Compaq ads leave viewers to imagine product benefits

By Published on .

Marketer: Compaq Computer Corp:
Agency: FCB Worldwide, Chicago
Ad review rating: One and a half stars

Are they serious? Who's the new agency . . . "Saturday Night Live?''

The unveiling of Compaq Computer Corp.'s $350 million campaign--yes, that's almost a half billion dollars--is as pointless as it is pompous, and so generic in nature it looks like a parody of the genre.

"Where do you find inspiration?'' asks the voice-over to commence this SweetCam montage from FCB Worldwide, Chicago. "What if the things you do every day could be done with tools so intuitive using them would be like riding a bike?''

Let's pause here for a moment. At this stage, the ad has been illustrated with a little kid holding a butterfly, then looking at an encyclopedia entry of a butterfly beside a morticed inset view of a DNA double helix. A thousand different advertisers could be at work here, including every computer manufacturer, every software developer, every consultant, every educational institution, every biotech company, Raid, Black & Decker and Schwinn.

Furthermore, like this column, the ad has begun with two questions. It is axiomatic that beginning with a question is a dangerous thing, because if the audience isn't immediately intrigued, they will pay zero attention to the answer. Ad Review can take the risk because the stakes are small; if you're bored with us, you can turn to Photo Review and see a bunch of half-in-the-bag magazine reps posing with vacant-looking semi-celebrities.

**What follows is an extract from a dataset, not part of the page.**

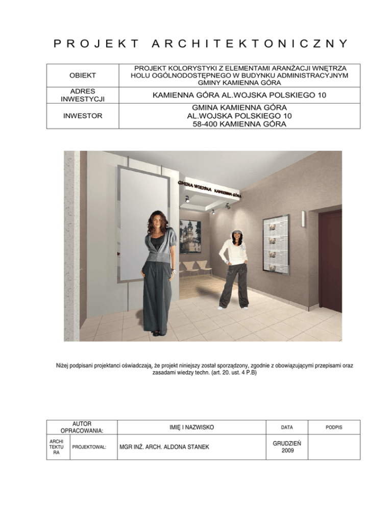 P R O J E K T A R C H I T E K T O N I C Z N Y OBIEKT PROJEKT KOLORYSTYKI Z ELEMENTAMI ARANśACJI WNĘTRZA HOLU OGÓLNODOSTĘPNEGO W BUDYNKU ADMINISTRACYJNYM GMINY KAMIENNA GÓRA ADRES INWESTYCJI KAMIENNA GÓRA AL.WOJSKA POLSKIEGO 10 INWESTOR GMINA KAMIENNA GÓRA AL.WOJSKA POLSKIEGO 10 58-400 KAMIENNA GÓRA NiŜej podpisani projektanci oświadczają, Ŝe projekt niniejszy został sporządzony, zgodnie z obowiązującymi przepisami oraz zasadami wiedzy techn. (art. 20. ust. 4 P.B) AUTOR OPRACOWANIA: ARCHI TEKTU RA PROJEKTOWAŁ: IMIĘ I NAZWISKO MGR INś. ARCH. ALDONA STANEK DATA GRUDZIEŃ 2009 PODPIS SPIS TREŚCI A.PROJEKT ARANśACJI WNĘTRZA HOLU WEJŚCIOWEGO CZĘŚĆ OPISOWA 1.PRZEDMIOT INWESTYCJI 2.PRACE PRZYGOTOWAWCZE 3.CHARAKTERYSTYKA FORMY WNĘTRZA OBIEKTU 4.ROZWIĄZANA BUDOWLANE, KONSTRUKCYJNO – MATERIAŁOWE 4.1 4.2 4.3 4.4 4.5 4.6 4.7 4.8 STOLARKA DRZWIOWA TYNKI I FARBY WEWNĘTRZNE POSADZKI KLATKA SCHODOWA SUFITY PODWIESZANE ŚCIANKI Z PŁYT G/K OŚWIETLENIE ELEMENTY WYPOSAśENIA B.PROJEKT ARANśACJI WNĘTRZA HOLU WEJŚCIOWEGO -CZĘŚĆ RYSUNKOWA A1 A2 A3 A4 A5 RZUT PARTERU RZUT PIĘTRA RZUT II PIĘTRA,RZUT PODDASZA PRZEKRÓJ A-A,PRZEKRÓJ C-C PRZEKRÓJ B-B,PRZEKRÓJ D-D PROJEKT ARANśACJI WNĘTRZA -WIZUALIZACJE KARTY KATALOGOWE 1. CZĘŚĆ OPISOWA 1. PRZEDMIOT INWESTYCJI Przedmiotem inwestycji jest modernizacja oraz aranŜacja wnętrza : • holu wejściowego do budynku, • holu ogólnodostępnego piętra, II piętra, oraz poddasza, • modernizacja klatki schodowej. Projektuje się rozmieszczenie dodatkowych punktów oświetleniowych na poszczególnych piętrach holu, modernizację istniejącej posadzki, nowy układ posadzek i kolorystykę ścian, modernizacje balustrady biegów klatki schodowej, oraz częściową wymianę stolarki drzwiowej prowadzonej z komunikacji ogólnej do poszczególnych pomieszczeń biurowych. 2. PRACE PRZYGOTOWAWCZE Do demontaŜu przewidziano następujące elementy: • na parterze –ścianę wskazaną na rys. nr A-1, stolarkę drzwiową (do pomieszczeń biurowych i gospodarczych),oznaczoną na poszczególnych rysunkach. • na piętrze-okładzinę z paneli PCV wraz z listwami przyściennymi, nawierzchnię z wykładziny linoleum, nawierzchnię z płytek podłogowych, stolarkę drzwiową, element nadwieszonej ścianki (wg. części rysunkowej) • na II piętrze-nawierzchnię z płytek podłogowych, nawierzchnię z paneli podłogowych, tynk mozaikowy (wg. części rysunkowej) • na poddaszu-stolarkę drzwiową, • na klatce schodowej-płytki podłogowe; • boczne wykończenie biegów klatki schodowej(usunięcie wierzchniej warstwy farby olejnej) • usunięcie z elementów metalowych balustrady oraz z jej drewnianego pochwytu warstw farby olejnej, • tynki na ścianach oraz na suficie, • tablice informacyjne (na kaŜdej z kondygnacji znajdujące się na ścianach oraz nad wejściami do poszczególnych pomieszczeń) • na wszystkich kondygnacjach usunięcie tynku mozaikowego. 3. CHARAKTERYSTYKA FORMY WNĘTRZA OBIEKTU PARTER Modernizacja holu wejściowego w głównym budynku administracyjnym gminy polega na usunięciu znajdującej się w niej ścianki działowej. Dzięki takiemu zabiegowi hol zyska więcej przestrzeni ,w której znajdą się miejsca siedzące dla klientów oraz miejsca przeznaczone pod banery informacyjne. Nad częścią holu zastosowano sufit podwieszany z montowanym do niego punktowym oświetleniem. Do sufitu zamocowano napis:” GMINA KAMIENNA GÓRA” wykonany z czarnej plexi gr.5mm. I PIĘTRO Strefa ogólnodostępna I piętra oparta jest na planie prostokąta o wym.ok.21m.x 2m.Dla zmniejszenia optycznego wydłuŜającego się holu wyeksponowano istniejące, przysufitowe łuki układające się w poprzek holu-za pomocą ich zróŜnicowania kolorystycznego względem sufitów. Podobny zabieg zastosowano względem wykładziny podłogowej-układając ją poprzecznie do ciągu komunikacyjnego korytarza. Zaprojektowano podświetlane wnęki z płyt g/k przeznaczone na lokalizację wniosków i folderów reklamowych gminy Oblicowanie ścianek we wnęce oraz półki wykonano z płyty meblowej w kolorze: machoń.(rys.2 det.B).W części korytarza,(znajdującej się naprzeciw biegów klatki schodowej) zaprojektowano zabudowę ze ścianki o lekkiej konstrukcji, maskującą istniejący kanał kominowy. Zabudowa stanowi odrębny element całości wnętrza holu pod względem kolorystycznym i funkcjonalnym. Na całej jej powierzchni zastosowano motyw powtarzającego się, nieregularnie rozmieszczonego nadruku(wizualizacja I Piętro). W zabudowie umieszczono równieŜ przeszkloną, podświetlaną gablotę ekspozycyjną wykonaną z płyty meblowej w kolorze: machoń.(rys.2 det.C).Na końcu korytarza zaproponowano zabudowę szaf (na materiały biurowe),wykonanych z płyty meblowej w kolorze jasnego dębu. W całości holu wyznaczono miejsca na lokalizację tablic informacyjnych oraz tabliczek z numerami pomieszczeń. Tablice informacyjne zawieszane w miejscu skrzynek licznikowych naleŜy uprzednio montować do odpowiednich stelaŜy z płyty meblowej w kolorze: machoń. II PIĘTRO Strefa ogólnodostępna II piętra oparta jest na planie prostokąta o wym.ok.18m.x 2m.Dla zmniejszenia optycznego wydłuŜającego się holu, zaprojektowano przy suficie rząd układających się w poprzek holu drewnianych belek. Dodatkowo efekt potęguje zróŜnicowanie kolorystyczne belek w stosunku do sufitu. Na II piętrze zaprojektowano podświetlane wnęki z płyt g/k przeznaczone na lokalizację wniosków i folderów reklamowych gminy Oblicowanie ścianek we wnęce oraz półki wykonano z płyty meblowej w kolorze: machoń. W części korytarza,(znajdującej się naprzeciw biegów klatki schodowej) zaprojektowano zabudowę ze ścianki o lekkiej konstrukcji, maskującą istniejący kanał kominowy. Zabudowa stanowi odrębny element całości wnętrza holu pod względem kolorystycznym i funkcjonalnym. Na całej jej powierzchni zastosowano motyw powtarzającego si

If you're bored with a $350 million advertising campaign, on the other hand, someone soon will be departing to "pursue personal interests.''

So, whatever comes next in this introductory anthem had better come fast, it had better be fascinating and it had better at least open a door for someone to close a sale. Well, let's see:

"If technology becomes your silent partner,'' the voice-over continues, "imagine what you could imagine. We believe it's time to move forward beyond information technology to Imagination Technology. Welcome to the new IT from Compaq.''

The pictures, meanwhile, have attempted to flesh out the notion of "inspiration.'' We see a butterfly-shaped kite in front of a colorful outdoor mural. We see a Web site called

We see a van parked in the middle of nowhere, with a kite string attached to the body, one geek inside the vehicle and another outside unaccountably pirouetting like a drug-addled imbecile.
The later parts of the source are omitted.